This is snippet from my spark application yml file capturing the jars passed in sparkConf

apiVersion: "sparkoperator.k8s.io/v1beta2"
kind: SparkApplication
metadata:
  name: file1
  namespace: spark
spec:
  type: Python
  pythonVersion: "3"
  mainApplicationFile: local:///opt/spark/examples/src/main/python/file11.py
  sparkVersion: "3.1.1"
  sparkConf:
    spark.jars.packages: "org.apache.spark:spark-sql-kafka-0-10_2.12:3.1.2,org.apache.spark:spark-avro_2.12:3.0.0,org.apache.spark:spark-streaming-kafka-0-10_2.12:3.1.2"
    spark.jars.repositories: "https://packages.confluent.io/maven"

Thanks

gauravbh1 commented 3 years ago

Error suggests that the jars are not propagated to the executors. Most probably you are hitting a spark bug https://issues.apache.org/jira/browse/SPARK-35084 You can check this ticket for some suggestions https://github.com/GoogleCloudPlatform/spark-on-k8s-operator/issues/1132 Or Create your own image that includes the required jars and use it in the deployment yaml 1) Download jars corresponding to org.apache.spark:spark-sql-kafka-0-10_2.12:3.1.2,org.apache.spark:spark-avro_2.12:3.0.0,org.apache.spark:spark-streaming-kafka-0-10_2.12:3.1.2 in your local system. 2) Create a docker file using the base image as gcr.io/spark-operator/spark:v3.1.1-hadoop3. 3) In your dockerfile copy the jars downloaded in the first step to the new image.

Here's a sample Dockerfile that does what's describe in pt.3

FROM gcr.io/spark-operator/spark:v3.1.1-hadoop3
COPY jars $SPARK_HOME/jars
ENTRYPOINT [ "/opt/entrypoint.sh" ]

and then in a command prompt build it docker build -f <Dockerfile which you created> -t customsparkimage . And then push to your preferred docker registry and use the same image in spark app deployment yaml.
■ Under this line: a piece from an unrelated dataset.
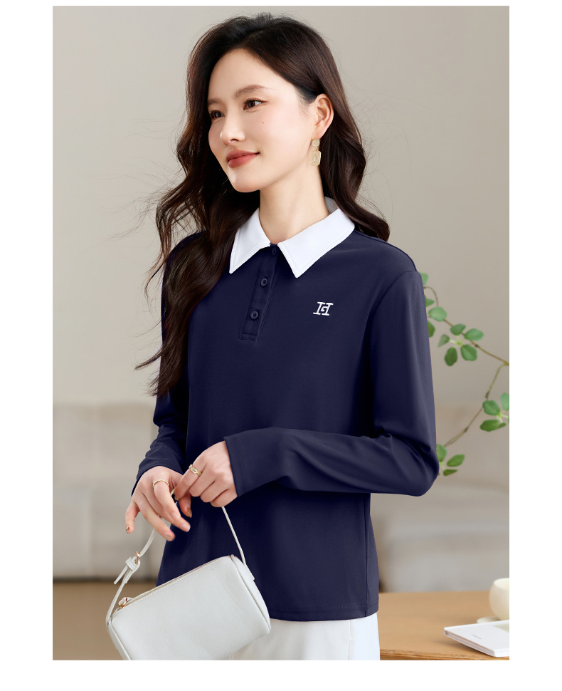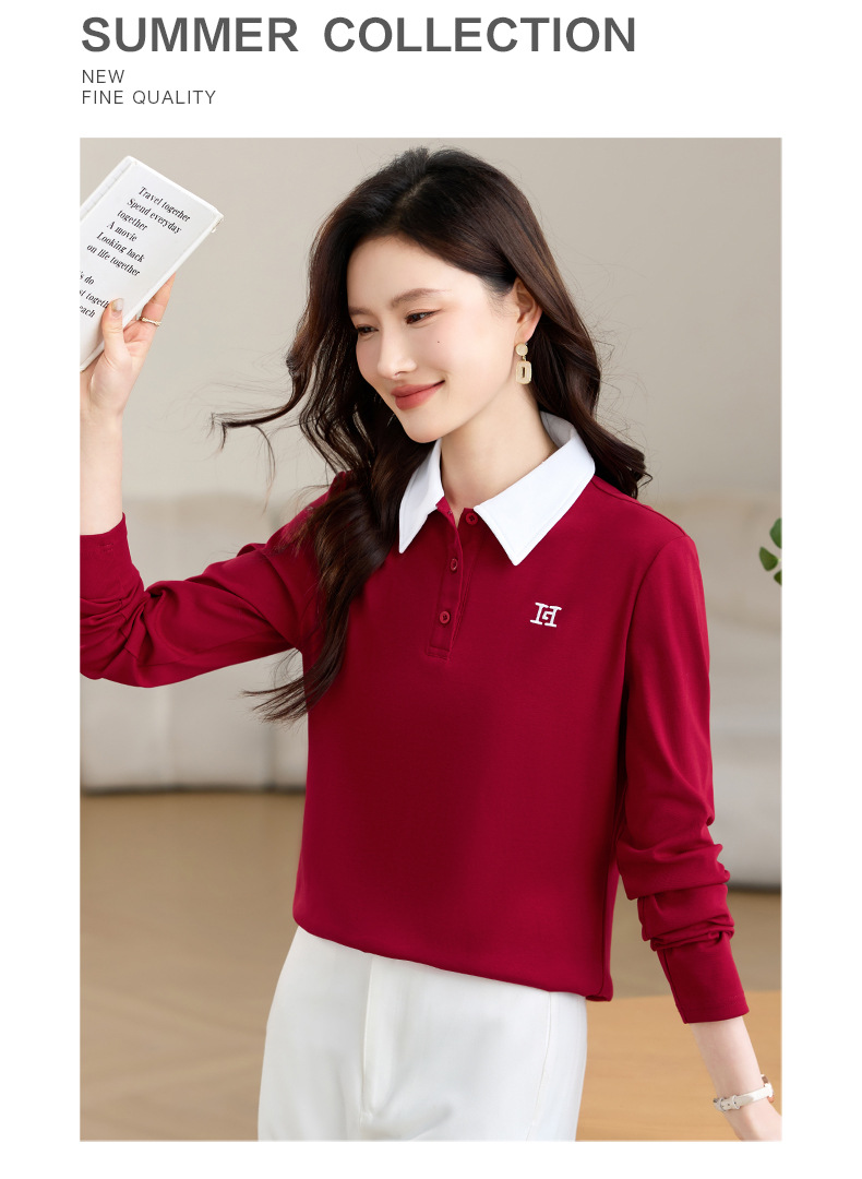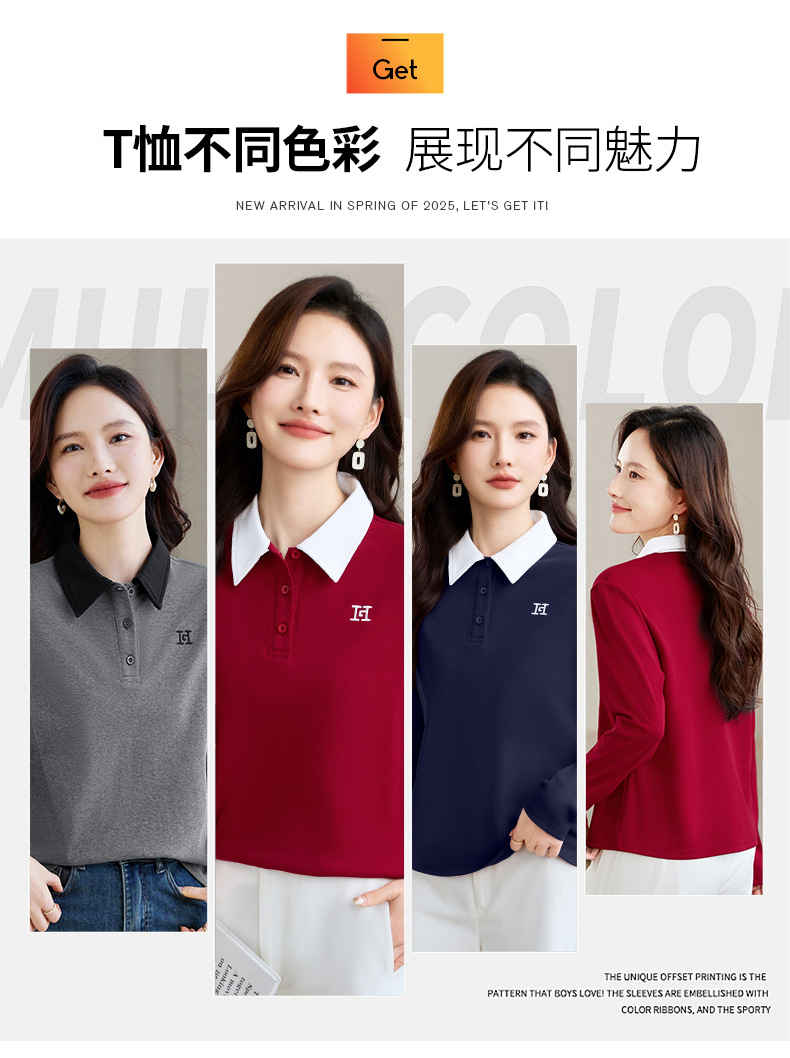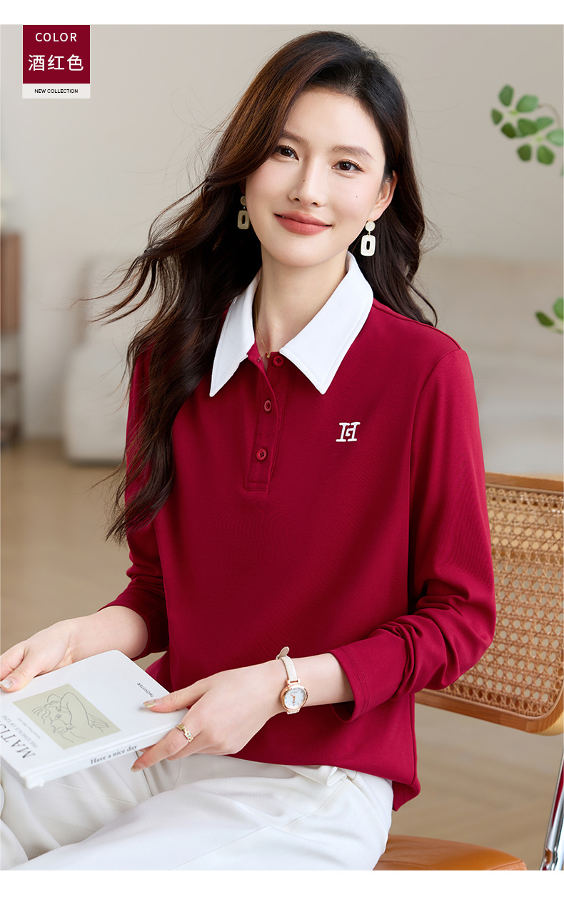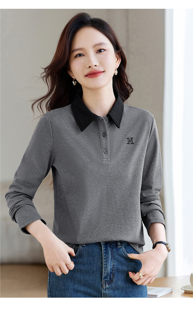 雀说高端长袖t恤女打底衫爆款洋气女装宽松翻领上衣AL10010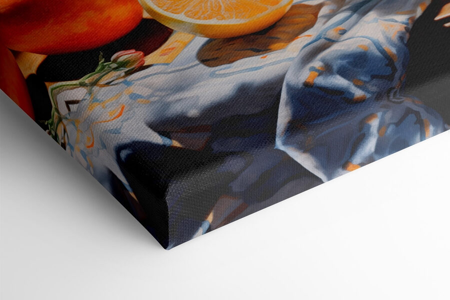 Verfraai je kamer met deze opvallende canvasprint “Stilleven met bloemen en fruit”. Het is als een stukje natuur, boordevol kleuren die iedereen aan het glimlachen maken. Stel je de zachte bloemblaadjes en het sappige fruit voor, die je uitnodigen voor een hapje. De weerspiegeling in de glazen kan geeft het hele tafereel een levendig gevoel – alsof je bijna het zachte gerinkel van de ijsblokjes tegen het glas kunt horen. Dit kunstwerk is perfect voor woonkamers of keukens en geeft elke muur een warme, uitnodigende uitstraling. Het is meer dan alleen decor; het is een dagelijkse herinnering om even stil te staan, aan de bloemen te ruiken en de simpele geneugten van het leven te waarderen. En wie wil er nu niet een vleugje bloemenflair? Hang hem op, schenk jezelf een drankje in en geniet van het uitzicht!

brshravan-tech commented 3 years ago

Thanks @gauravbh1

I will try above suggestion

brshravan-tech commented 3 years ago

@gauravbh1 Can you tell me how I can download above JAR packages? I am new to Spark so not sure how I can download them on my local machine.
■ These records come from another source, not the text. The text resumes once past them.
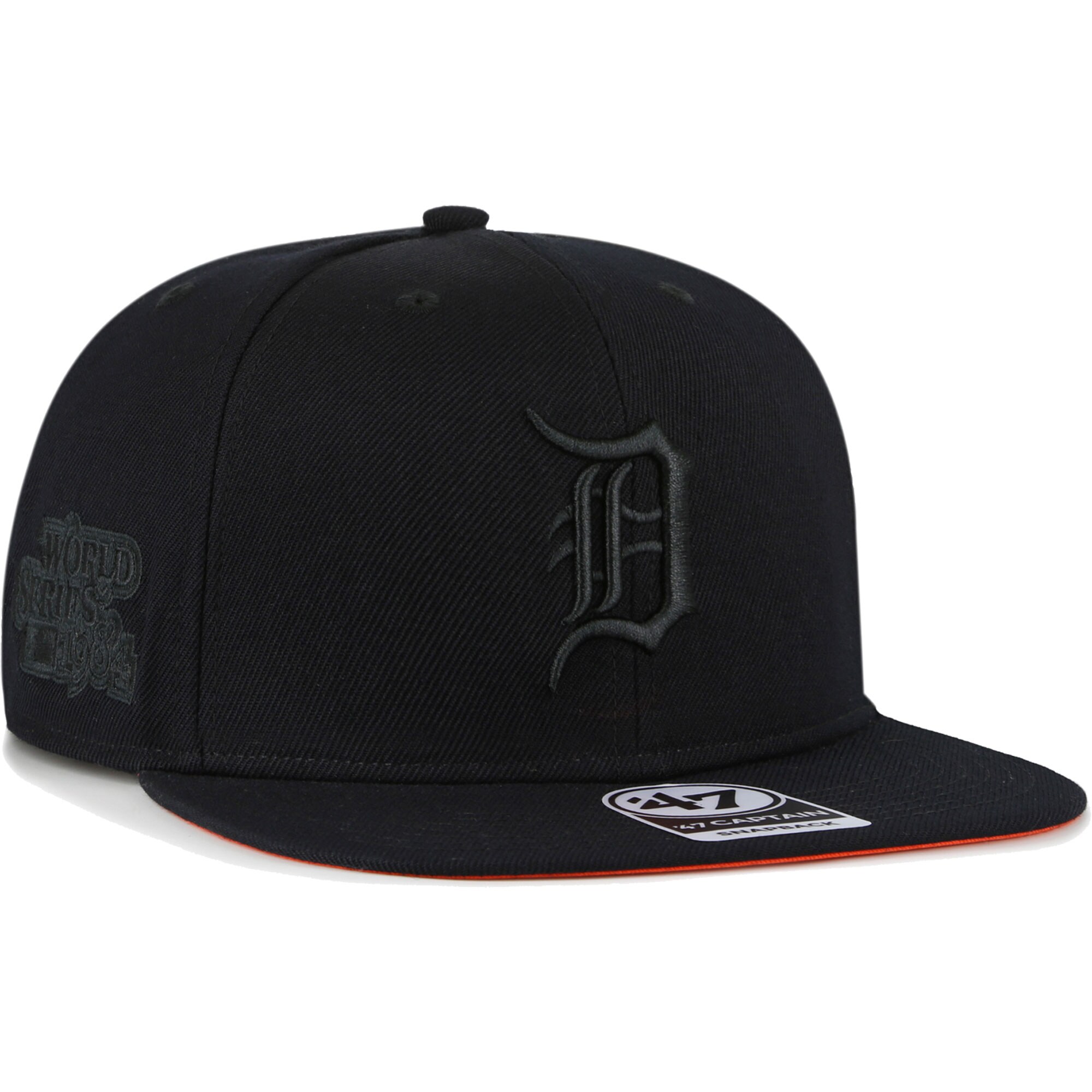 When the Detroit Tigers hit the field add a subtle touch of team spirit with this Black on Black Sure Shot Captain hat. Crafted by '47 this bold cap features embroidered graphics and a vibrant contrast-color undervisor to further elevate your style and pride. With a snapback closure classic construction and flat bill this cap will fit perfectly with any Detroit Tigers gear.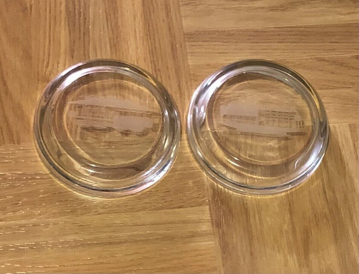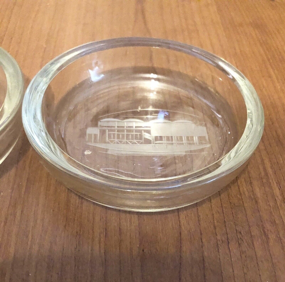 No chips or dents. Has a building design on the bottom of each glass ashtray. Each tray has a diameter of 3 3/4" (almost 4"). Can be used for a pet dish, coins, candy or anything your imagination can conjure up.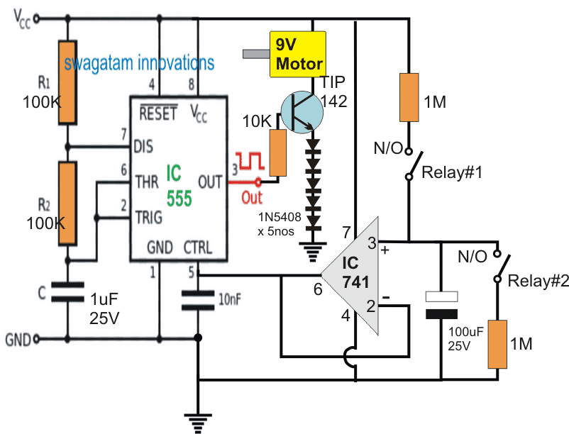 以IC 741形式的电压跟随器配置IC 555的控制引脚5,以便根据指示的继电器操作改变IC 555引脚3处的PWM内容。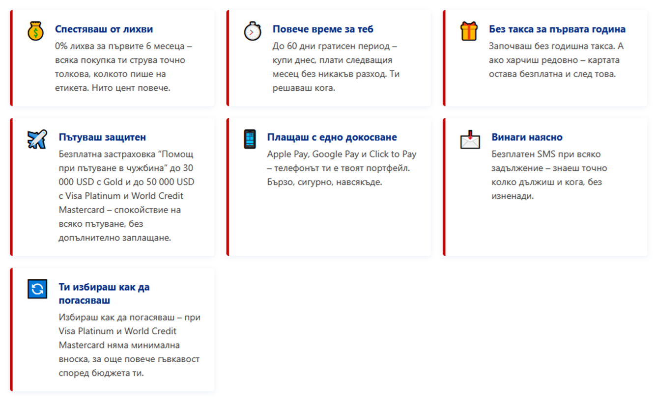 Нашите кредитни карти са не просто средство за разплащане. Те са твоят спътник в динамичното ежедневие, твоят резервен план в непредвидени моменти и твоят ключ към повече комфорт, стил и спокойствие.

gauravbh1 commented 3 years ago

@brshravan-tech You can search the packages in https://mvnrepository.com/ e.g. if you want to download the jar for the package org.apache.spark:spark-sql-kafka-0-10_2.12:3.1.2, search for spark-sql-kafka-0-10. Drill down in the relevant link and download the required versioned jar.
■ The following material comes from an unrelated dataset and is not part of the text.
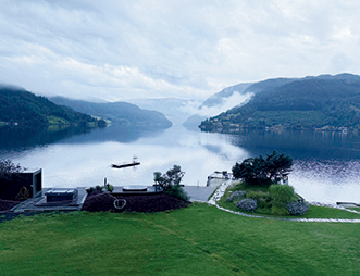 その後は3時間のバス移動で、有名なハダンゲルフィヨルド沿いを走り、その途中には「ステインダルス」という立派な大きな滝もありました(写真11)。夕刻にフィヨルドを一望できるホテルに到着しました。写真12はホテルの窓から雄大かつ荘厳な夕暮れのフィヨルドです。この時期の北欧は夜9時くらいまで明るかったです。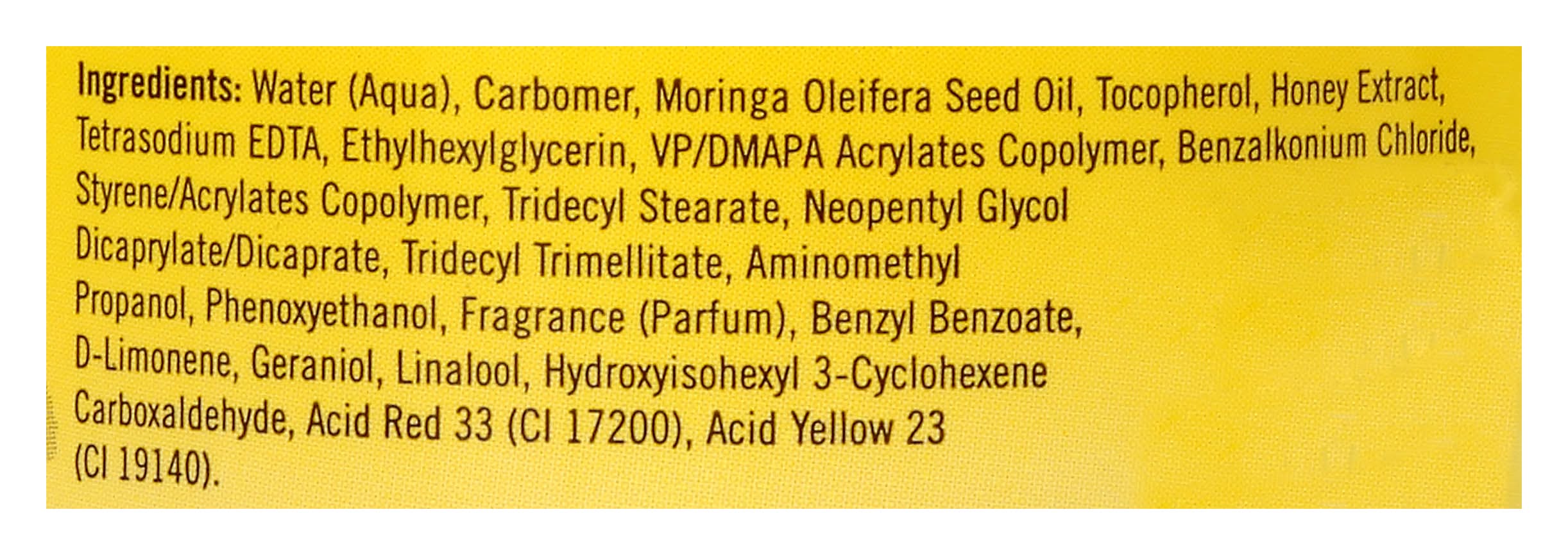 Ingredients: Water (Aqua), Carbomer, Moringa Oleifera Seed Oil, Tocopherol, Honey Extract, Tetrasodium EDTA, Ethylhexylglycerin, VP/DMAPA Acrylates Copolymer, Benzalkonium Chloride, Styrene/Acrylates Copolymer, Tridecyl Stearate, Neopentyl Glycol, Dicaprylate/Dicaprate, Tridecyl Trimellitate, Aminomethyl Propanol, Phenoxyethanol, Fragrance (Parfum), Benzyl Benzoate, D-Limonene, Geraniol, Linalool, Hydroxyisohexyl 3-Cyclohexene Carboxaldehyde, Acid Red 33 (CI 17200), Acid Yellow 23 (CI 19140)

clarkjohnd commented 3 years ago

@brshravan-tech I've just "overcome" this issue by using shared volume access for drivers and executors, mounting the required jars on it and linked them in the YAML file. Short of creating a custom docker image with the libraries pre-installed as suggested, this is so far the best way I've managed to get Kafka streaming working fully, but obviously depends on your storage setup too. See below for an example:

spec:
  deps:
    jars:
      - "local:///tmp/spark_files/jars/spark-sql-kafka.jar"
      - "local:///tmp/spark_files/jars/kafka-clients.jar"
      - "local:///tmp/spark_files/jars/commons-pool2.jar"
      - "local:///tmp/spark_files/jars/spark-token-provider-kafka-0-10_2.12.jar"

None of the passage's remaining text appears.